On Mar 15, 9:07 am, glen herrmannsfeldt <
g...@ugcs.caltech.edu> wrote:
> Thomas David Rivers <
riv...@dignus.com> wrote:
>
> > In this example:
> > SMALL: PROC;
> > DCL I FIXED BIN(31,127);
> > DCL D FIXED DECIMAL(15,100);
> > I = D;
> > END SMALL;
> > we have a conversion of a FIXED DECIMAL with a precision of 15 and a
> > scale of 100, to a FIXED BINARY. The FIXED BINARY has the maximum
> > precision & scale allowed..
> > FIrst question - the IBM Language Reference manual indicates
> > that result (I'm assuming it means the intermediate result) is
> > a FIXED BINARY(p2,q2) with these attributes:
> > The precision of the result is p2 = min(N,1+CEIL(p1*3.32)) and
> > q2=CEIL(ABS(q1*3.32))*SIGN(q1).
>
> I thought those were used when the rest of the attributes weren't
> known.
Look at "Source-to-target rules" for data conversions,
in which those ARE the quoted formulas.
The attributes ARE known (look at the declarations).
> > (I guess 'N' is defined somewhere - but I can't seem to find it..
> > so I take it to mean the maximum precision allowed by a
> > FIXED BINARY, which would be 63???
>
> Used to be 31, but is probably 63 by now.
Look in a current manual for the limits.
> > I'm not sure that matters as p2 would be 54 here... I sure would
> > like to know the definition of 'N'.)
>
> Yes it is the maximum allowed, but I don't know if that is,
> by now, 31 or 63 or even more.
Look in a current manual for the limits.
> > But, if you follow that rule - does it mean that the scale of the
> > intermediate result is 332? 332 is much larger than the
> > maximum scale (which is 127.) So - how
> > is that handled? (Just an internal matter.. or?)
>
> As well as I know it, when the destination precision and
> scale are known, then there is no need for the table.
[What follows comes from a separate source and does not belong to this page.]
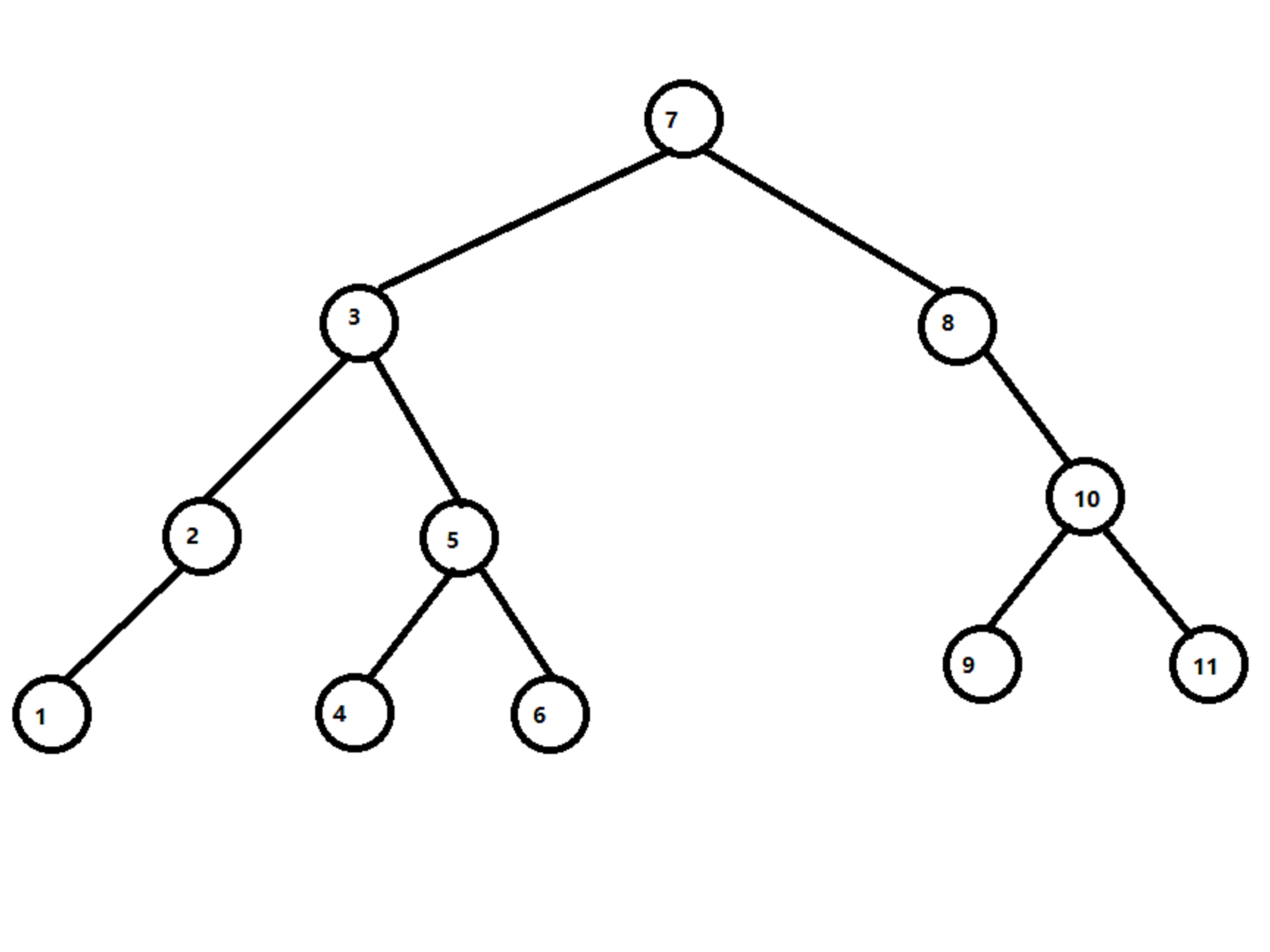 上图中序遍历即为1,2,3,4,5,6,7,8,9,10,11

David R. quoted the relevant formulas above.
You can find them in the manual.
> > And - our result scale is 127 - so presumably the intermediate value
> > would have to be left-shifted 205 bits... which, I imagine, could cause
> > an OVERFLOW condition (if the result had any 1 bits at all) and could
> > only be satisfied without the possibility of a condition if D were 0.
>
> Easy for the compiler, just test for zero, and either signal
> FIXEDOVERFLOW or assign zero. (Unless FIXEDOVERFLOW is disabled.)
SIZE is enabled, and is raised in situations when FOFL is raised.
> > Lastly - IBM provides a table of the values for calculating
> > CEIL(n*3.32), but the table only seems to go up to 33.
> > What about the other possible values?
>
> It should just be the actual value of CEIL(n*3.32).
??? That's what the table would give.
> I seem to remember at one time that when the value would have
> given extended precision,
??? There was no such thing as "extended precision" for fixed-point.
> but just barely, there was a table
> that rounded down just enough.
Why not look in a manual to find out what actually happens?
instead of guessing.
> CEIL(3.32*33) is CEIL(109.56) or 110. When extended precision
> has '1' for the leftmost hex digit it has 109 significant bits.
What? Floating-point now? That's irrelevant.
> CEIL(16*3.32) is CEIL(53.12), just barely more than double
> precision with a '1' leftmost hex digit. The table I remember
> gives 53 instead of 54 for that case.
That's irrelevant. The operands are fixed-point.